Smith Myers showcased ARTEMIS, a mobile phone detection and location system designed specifically for airborne search and rescue (SAR) and disaster relief, at a helicopter trade show in Dallas. The company, founded 35 years ago in the United Kingdom, also designed and developed software-defined radio and cellular protocol stacks designed specifically for the SAR role. According to the company, ARTEMIS turns any mobile phone into a rescue beacon, only requiring two antennas to generate a latitude/longitude fix at up to 19 nautical miles (35km), offering an alternative to traditional airborne sensors.

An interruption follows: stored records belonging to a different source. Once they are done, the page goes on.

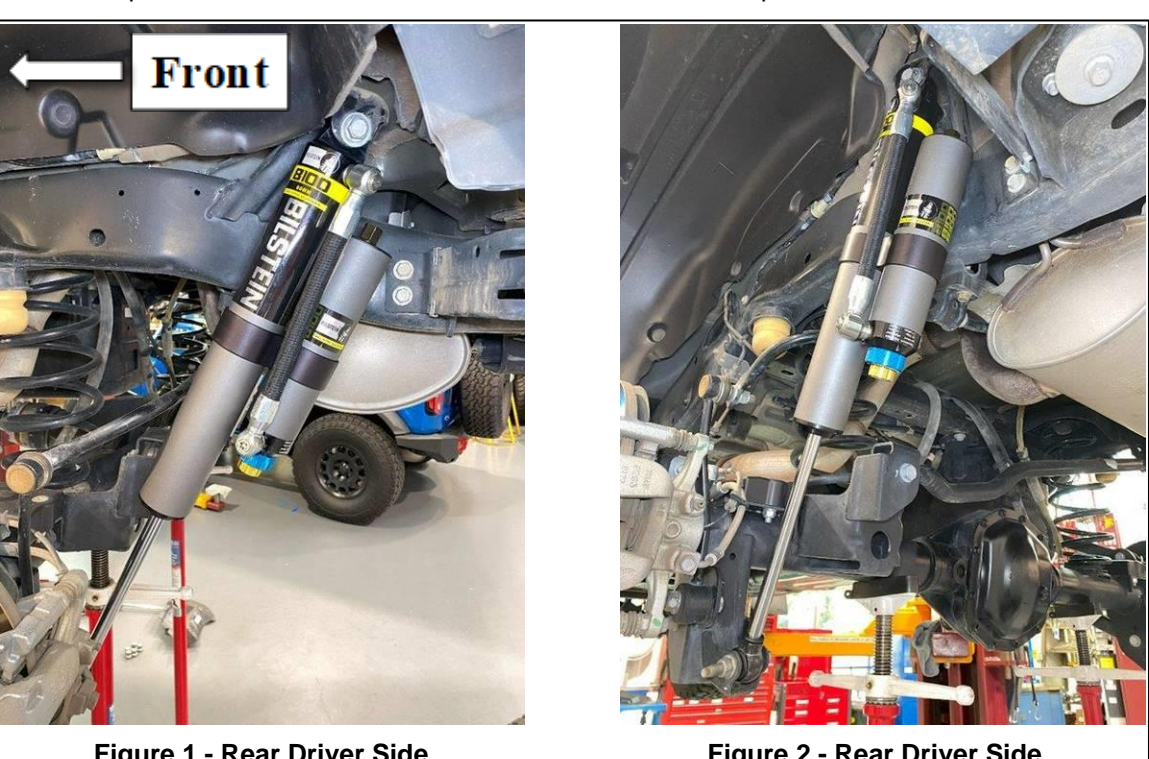
Figure 1 - Rear Driver Side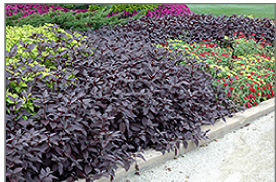
Purple Knight Alternanthera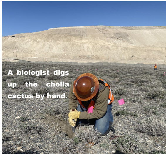
A biologist digs up the cholla cactus by hand.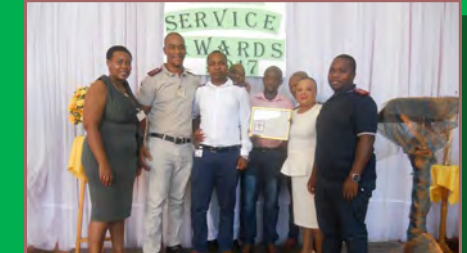
A Soccer Team received an award for their participation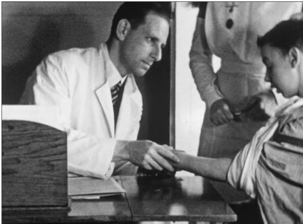
Figure 2: 'Case examined by a visiting surgeon or the first assistant', The Functional Treatment of Fractures Part 1 (1937) [video still], Produced by T.J. Smith and Nephew Ltd. Public Domain.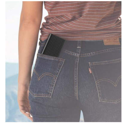
Pocket Size and Easy to Carry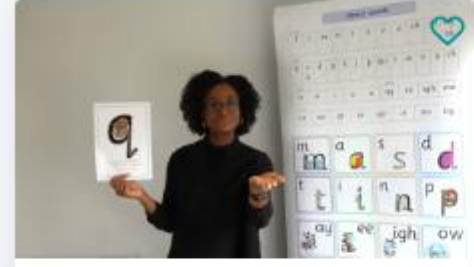
Set 1 Special Friends qu - reading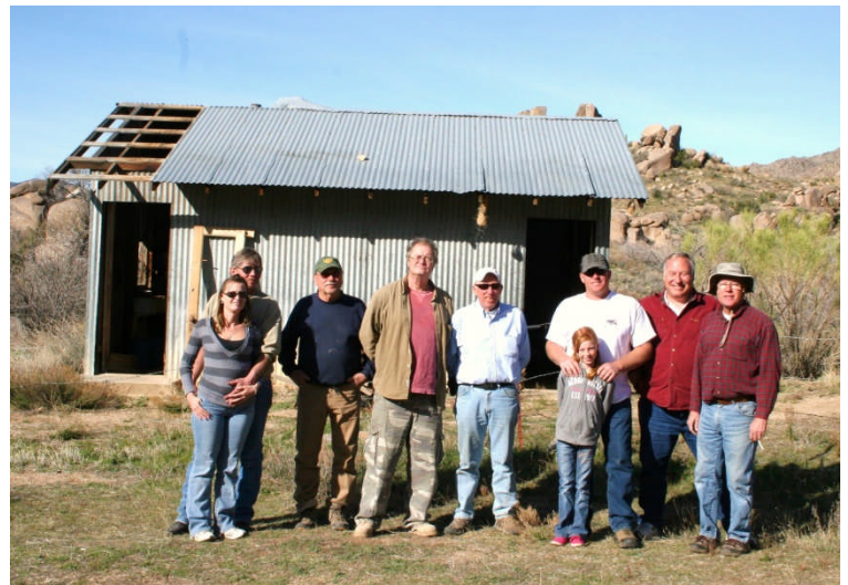
After 4 hours of challenging trail, the line shack, which marks the end of the road, was a welcome sight!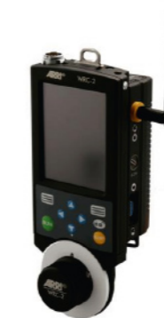
WRC-2, WMU-3, WBU-3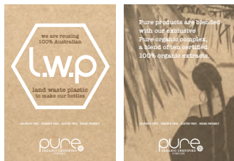
LWP AND ORGANIC SHELF TALKERS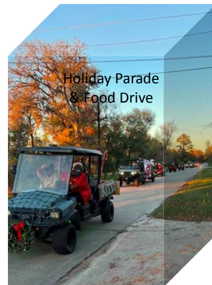
Holiday Parade & Food Drive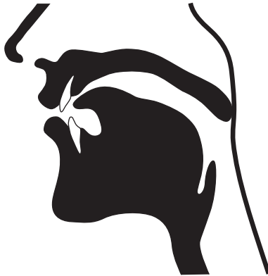
An alveolar sound: the first sound in sin

Sounds in which there is a constriction between the blade or tip of the tongue and the alveolar ridge are called alveolar sounds. An example is the first sound in sin .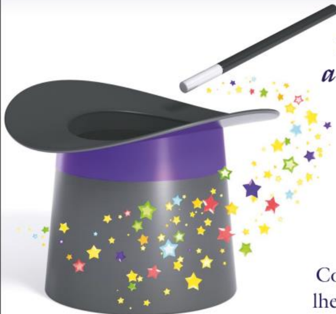
Table Captains and Sponsorships available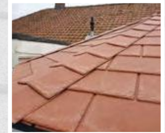
Classic Grey Chesnut Brown Antique Red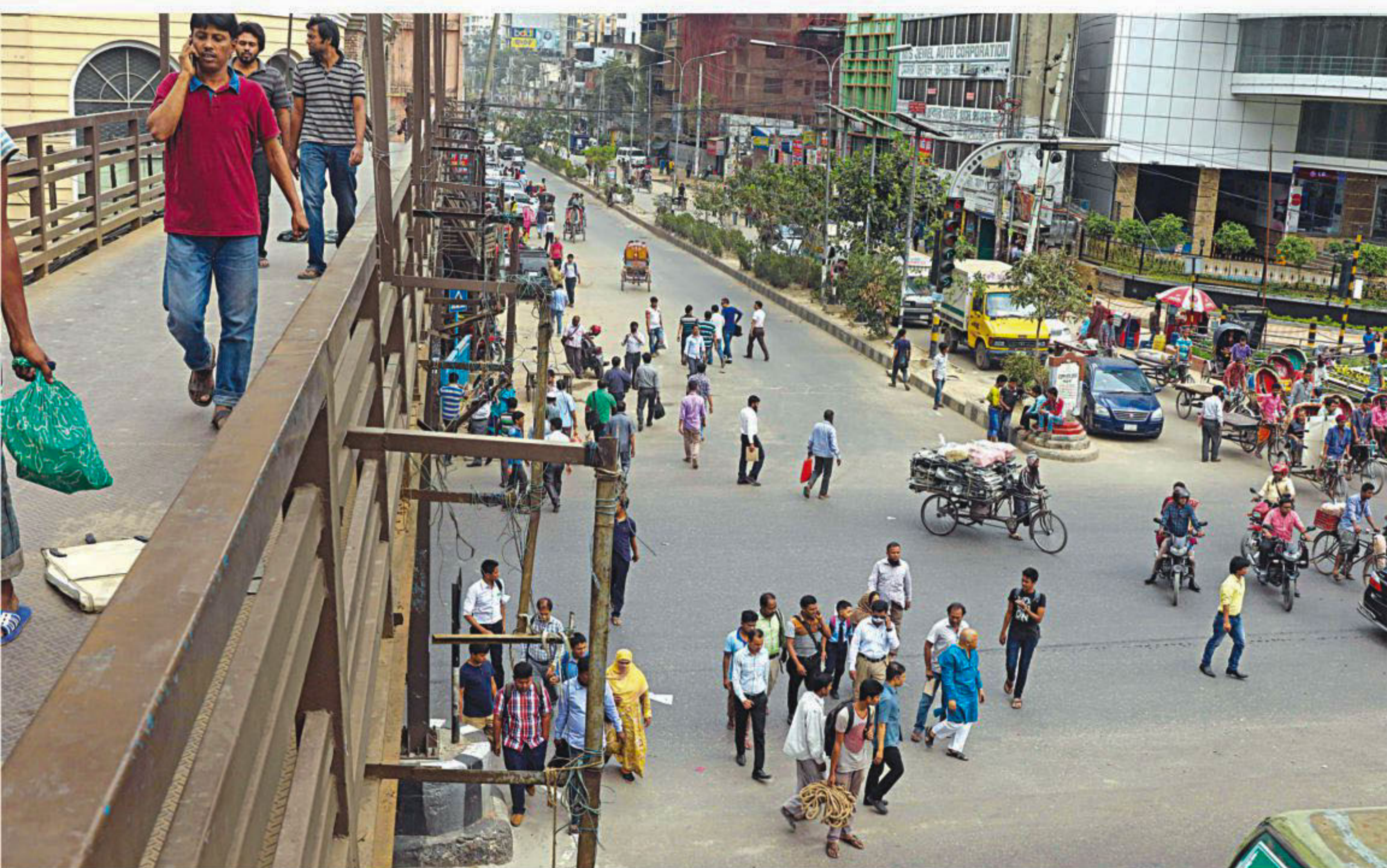
Pedestrians crossing the busy Bangla Motor intersection in the city although there is a footbridge nearby. Only a few people use the footbridge while most others do not bother doing so. This utter disregard for traffic rule often leads to fatal accidents. The photo was taken yesterday.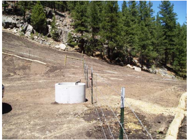
Big Chief Mine , photos above & below June 2007 (reclamation nearing completion) showing mine wastes piles removed, areas regraded, drainage channel reestablished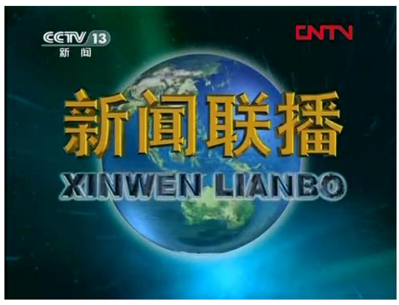
Figure 4. The program logo of CCTV's news simulcast, CCTV's News Simulcast, January 13, 2012.

After the music visual, two news presenters appear on the screen, sitting behind the desk. Possibly due to the pressure of the audience rating, the presenters tend to create an informal and friendly atmosphere to engage the audience by wearing smiles on their faces. But their smiles look intentionally posed instead of naturally expressed (see Figure 5).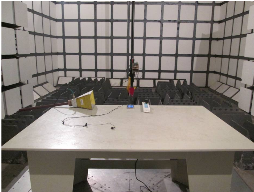
Radiated Emissions Rear View (1-25 GHz)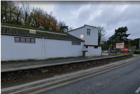
Original Google street view 2020

Skinner's Brewery sits in an industrial area in Truro. It is surrounded by business located along the South and East, whilst on the North and West side are trees. Skinner's Brewery is surrounded by a mix of materials and built architectural characters.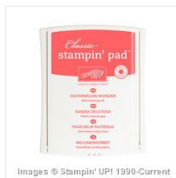
Watermelon Wonder Classic Stampin' Pad

ARTEMIS’s features include:
- texting and calls in no service areas
- possible automatic cueing of electro-optical/infra-red (EO/IR)
- deployment as a stand-alone with embedded mapping or integration with mission system providers
- making missions in low light / instrument meteorological conditions (IMC) safer and more successful and
- availability in several SWaP configurations for manned/unmanned platforms.
Smith Myers announced in February that ARTEMIS has been integrated into the new Robotics Centre Echo SAR payload for small unmanned aerial systems (UAS) built by Teledyne FLIR Defense.
ARTEMIS airborne capabilities are available for use on manned rotary and fixed-wing platforms and drones with large and small payloads. It has already been in service with the AW101 Norwegian all-weather SAR helicopter and can be deployed across payload categories down to a small quad-rotor UAV.